The choice between p95 and p99. p99 is more honest but noisier, small request counts produce unstable p99 numbers. p95 is more stable and roughly captures the same insight. Most production teams use p95 for high-volume services and p99 for low-volume. Either is fine; "average" is not.

Availability of the critical path

Not "the service is up." "The login button works." Pick three or four user-visible flows and measure availability of those specifically. Auth, search, checkout. If any of them is broken the user is having a bad day, even if the rest of the service is healthy.

The discipline of identifying critical paths. List the top user actions; for each, define what "available" means at the user level (not the system level). "Login is available when the auth endpoint responds with success and a valid session token within 2 seconds, AND the resulting page renders." That definition crosses 3-4 services and dependencies; if any link fails, login is not available.

How to measure: synthetic checks against the critical paths from the user's perspective.
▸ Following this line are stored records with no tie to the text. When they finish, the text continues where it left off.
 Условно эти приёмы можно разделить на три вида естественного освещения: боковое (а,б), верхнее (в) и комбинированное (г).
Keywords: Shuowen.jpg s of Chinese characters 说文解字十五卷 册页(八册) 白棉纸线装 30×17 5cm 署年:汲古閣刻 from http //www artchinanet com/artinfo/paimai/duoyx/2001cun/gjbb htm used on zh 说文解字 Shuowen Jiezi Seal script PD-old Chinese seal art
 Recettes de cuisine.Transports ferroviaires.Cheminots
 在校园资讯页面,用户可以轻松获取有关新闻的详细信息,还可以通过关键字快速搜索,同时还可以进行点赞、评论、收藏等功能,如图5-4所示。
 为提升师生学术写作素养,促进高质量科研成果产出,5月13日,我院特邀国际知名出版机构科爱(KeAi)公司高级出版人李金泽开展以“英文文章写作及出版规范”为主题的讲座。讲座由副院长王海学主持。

Real user monitoring (RUM) data complements but doesn't replace synthetics, synthetics give you constant signal even when traffic is low.

Correctness of responses

Hardest to measure but the highest-leverage when it goes wrong. Did the recommendation engine return personalised results, or did it fall back to a generic list? Did the search return any results at all? A response that succeeds but is empty is often worse than a 500.

The trap. Correctness is harder to encode than availability or latency. "Did the user get the right thing?" requires knowing what right is. Most teams skip correctness because it's hard, then discover months later that their recommendations have been broken for weeks while uptime stayed at 99.99%.
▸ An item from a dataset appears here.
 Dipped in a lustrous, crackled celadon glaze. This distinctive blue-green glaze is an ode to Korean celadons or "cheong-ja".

Practical correctness SLIs. (1) Empty-result rate (% of search queries returning zero results, should be near 0% for non-trivial queries). (2) Fallback rate (% of recommendation calls that hit the generic fallback instead of personalised, should be low and stable). (3) Validation-failure rate (% of write operations rejected by validation, should be stable; spikes indicate upstream data quality issues).

Common antipatterns

SLIs that measure infrastructure health instead of user outcomes. CPU below 80%, queue depth below 1000, disk usage below 90%. These can all be true while users are unhappy. The SLI must reflect user experience, not system state.

SLIs that depend on a synthetic check that does not exercise the real path. A health check that only verifies the load balancer is up tells you nothing about whether the service can handle real requests. Synthetics must traverse the same code path real users do.

SLIs that are computed once a day. Daily-aggregated SLIs can't drive timely alerting or postmortem analysis. Compute SLIs at the same cadence the service operates, typically per-minute aggregates over rolling windows.

The "all green" SLI. Some teams pick SLIs that are easy to keep green at 99.99%. Looks great in reports; tells you nothing because the target is too easy. The SLI should fail occasionally if it's calibrated honestly.

What to do this week

Three moves. (1) For your most-complained-about service, list its current SLIs. Run each through the four-question filter. Most teams find at least one fails. (2) Identify the top 3 user journeys for that service. Define availability of each one in user-experience terms (not system terms). (3) Implement synthetic checks for those 3 user journeys, running every minute. Compute availability per journey, alert when below the SLO. The work takes a sprint; the visibility lasts forever.